According to the news pink, slimy and repellent, the Nomura’s jellyfish is an authentic horror of the deep that’s been assaulting Japan. The creatures have sunk a giant fishing boat after it was capsized off Chiba in Japan, as its three-man crew was trying to haul in a net containing dozens of huge Nomura’s jellyfish.
The reason behind the increasing menace of giant jellyfish remains mysterious. But it is said that an armada of the gelatinous giants has gathered in the Yellow Sea off China and the Korean peninsula. Now it has drifted into the Sea of Japan, and brought down the Diasan Shinsho-maru. One of the largest jellyfish in the world, the Nomura’s jellyfish can grow up to 6 feet in diameter and weigh as much as 400 pounds.
It is reported that the boat’s crew was thrown into the sea, but the three men were rescued by another trawler. The local Coast Guard office reported that the weather was clear and the sea was calm at the time of the accident. Experts believe weather and water conditions in the breeding grounds, off the coast of China, have been ideal for the jellyfish in recent months.
Professor Shinichi Ue at Hiroshima University, told that a huge jellyfish typhoon will hit the country.

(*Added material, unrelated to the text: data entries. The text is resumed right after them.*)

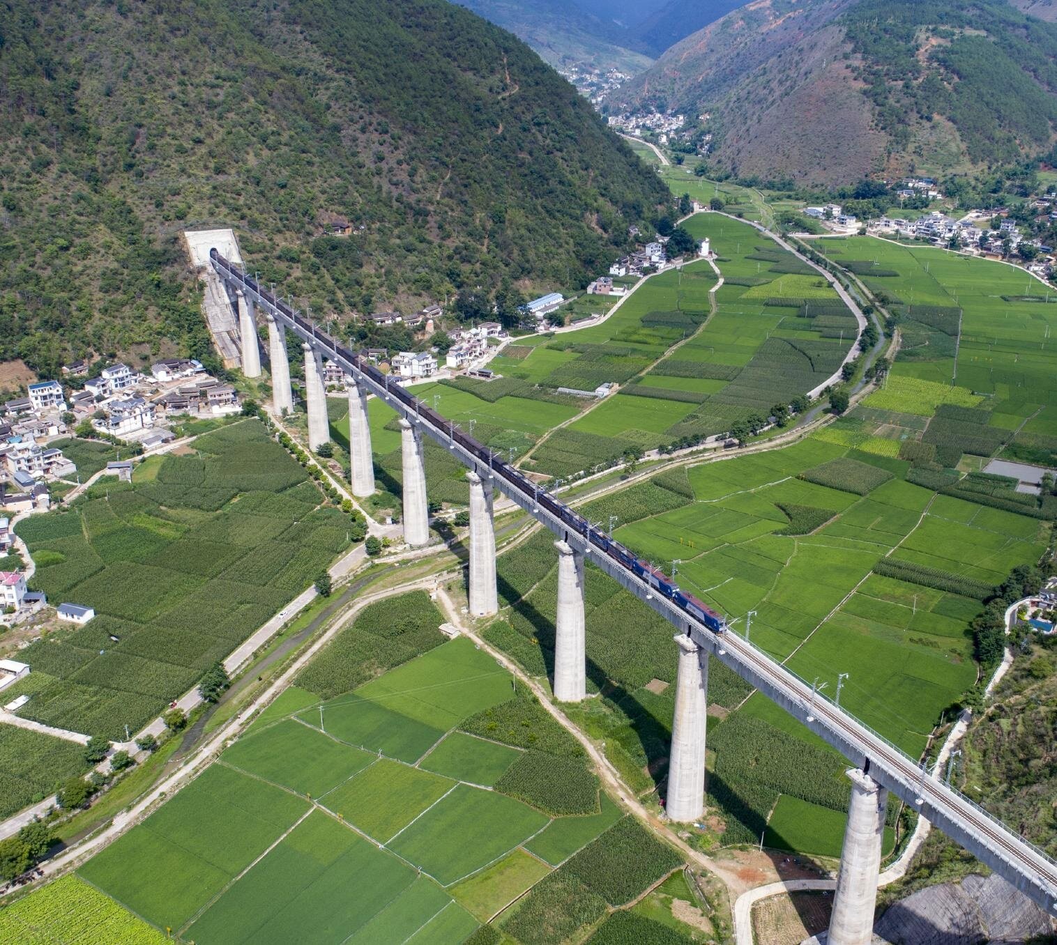 大瑞铁路大保段西山寺特大桥,该铁路开通运营,结束了云南省保山市不通铁路的历史
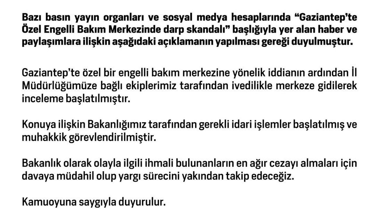 Bakanlığın konuya ilişkin sosyal medya hesabından yaptığı paylaşımda, "Bazı basın yayın organları ve sosyal medya hesaplarında ‘Gaziantep’te Özel Engelli Bakım Merkezinde darp skandalı’ başlığıyla yer alan haber ve paylaşımlara ilişkin aşağıdaki açıklamanın yapılması gereği duyulmuştur. Gaziantep’te özel bir engelli bakım merkezine yönelik iddianın ardından İl Müdürlüğümüze bağlı ekiplerimiz tarafından ivedilikle merkeze gidilerek inceleme başlatılmıştır. Konuya ilişkin Bakanlığımız tarafından gerekli idari işlemler başlatılmış ve muhakkik görevlendirilmiştir. Bakanlık olarak olayla ilgili ihmali bulunanların en ağır cezayı almaları için davaya müdahil olup yargı sürecini yakından takip edeceğiz" ifadeleri kullanıldı.
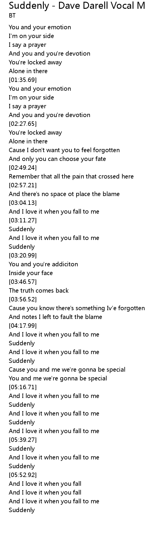 Suddenly - Dave Darell Vocal Mix Lyrics
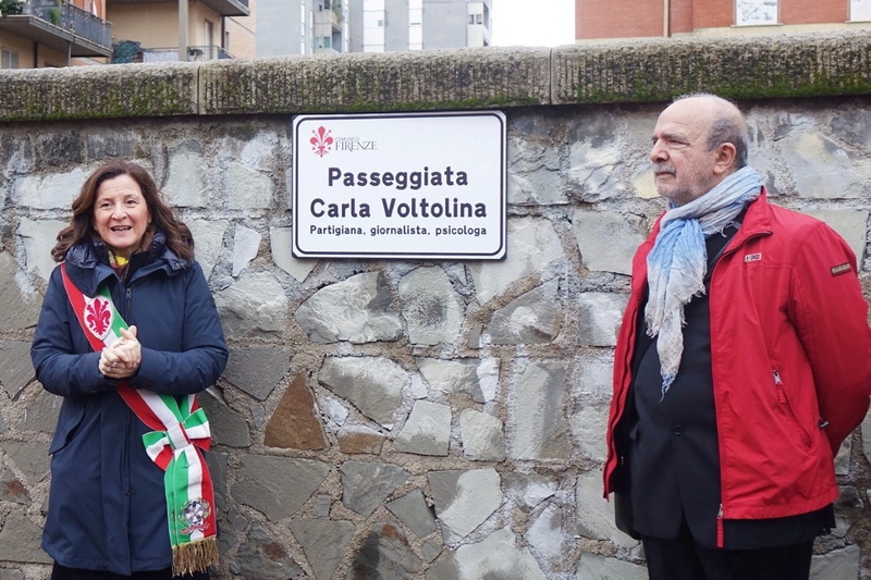 Era quella “bella ragazza mora” che aveva affascinato Sandro Pertini, la staffetta partigiana che incontrò a Milano, nel 1944 alla Bocconi, e che divenne sua moglie. A Carla Voltolina Pertini è stata intitolata una passeggiata di Firenze, quella che unisce via Baracca con via di Novoli. L'inaugurazione, questa mattina, con la vicesindaca e assessora alla toponomastica Cristina Giachi, Umberto Voltolina, fratello di Carla, i rappresentanti della Fondazione Sandro Pertini, il professor Valdo Spini e Paola Malacarne, responsabile dell' 'Associazione toponomastica femminile' per la provincia di Firenze e Prato
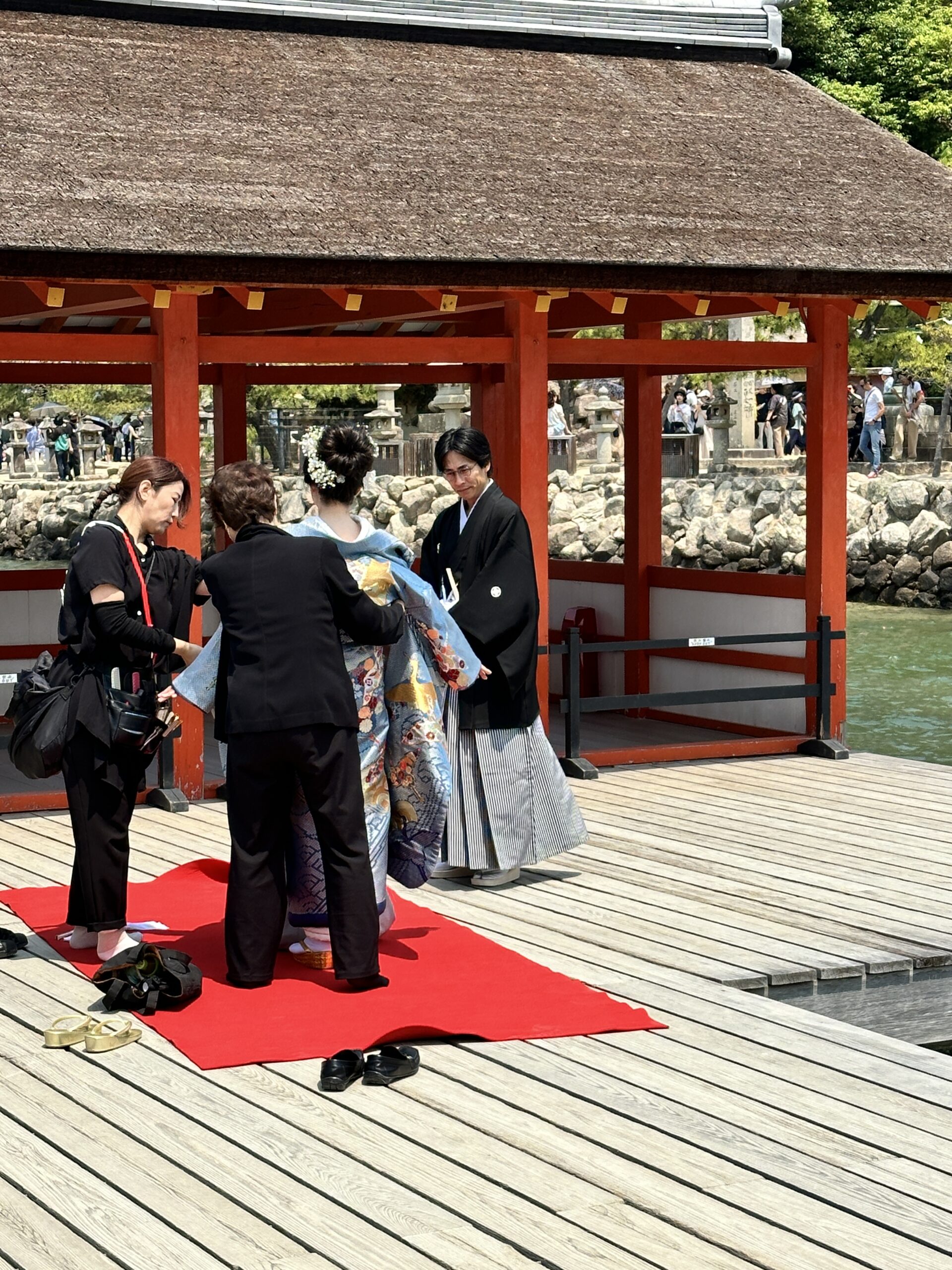 A woman in a blue kimono stands on a red carpet by a waterfront pavilion—a scene capturing the Best things To Do In Japan—as two assistants in black help her while another in traditional attire looks on. Nearby, shoes rest on the wooden floor.
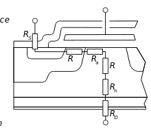 - Rch مقاومت کانال است. این مقاومت، نسبت معکوس با عرض کانال و همچنین در یک ویفر سیلیکون، با چگالی کانال دارد. مقاومت کانال، یکی از عوامل مهم در تعیین مقاومت حالت روشن ماسفتهای ولتاژ پایین است و تلاشهای فراوانی در جهت کوچکتر کردن ابعاد کانال به منظور افزایش چگالی آن، در حال انجام است.
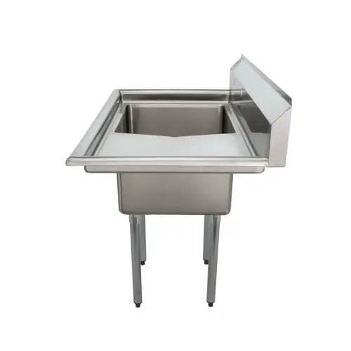 This commercial sink with one compartment includes a 18 inch x 18 inch drainboard on the right side. The drainboard is often used to place clean or ready to be cleaned dishware.
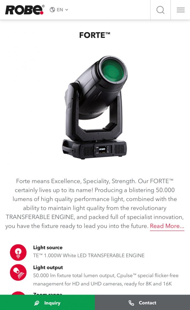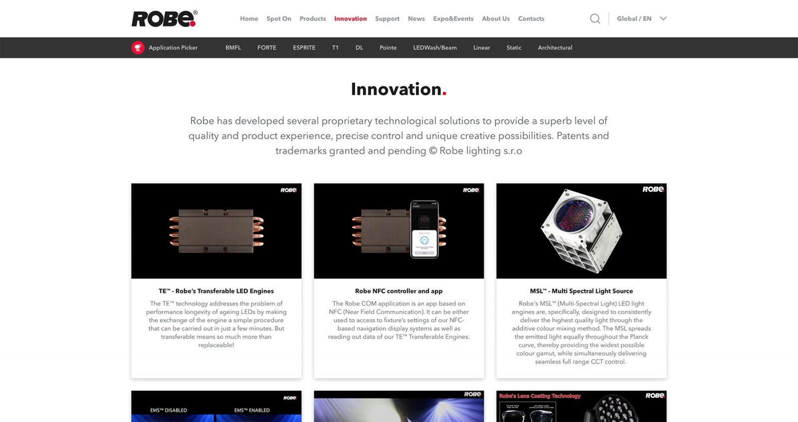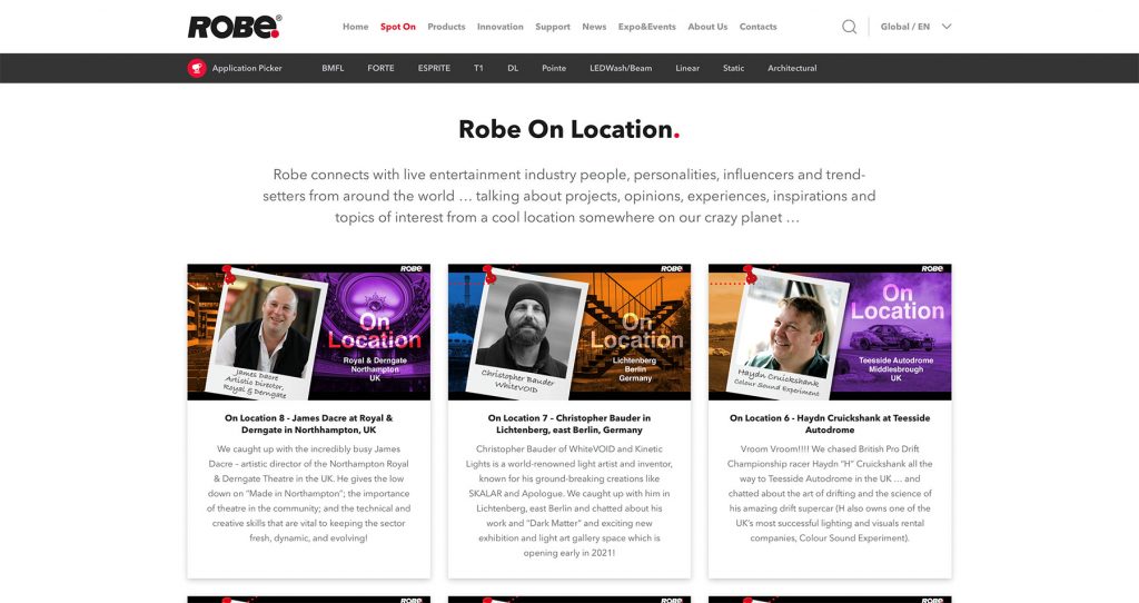 The site is curated to offer a lively mix of interesting data and multiple layers of technical depth for those needing to drill down further into the complexities of products and Robe’s use of ground-breaking technologies.

In 2005, fishermen looking for anchovies, salmon and yellowtail began finding huge numbers of the jellyfish in their nets. When the Nomuras grow larger than a metre in diameter, half a dozen of them can destroy a fishing net. The fish caught alongside them are poisoned and covered in slime and rendered unsaleable.
The situation has become so serious that the salmon boats in northern Japan stopped going out, and in some places fishermen lost 80 per cent of their income. Even staff at some of the nuclear power plants along the Japan Sea coast found that the jellyfish got sucked into the pumps which take in sea water to cool the reactors.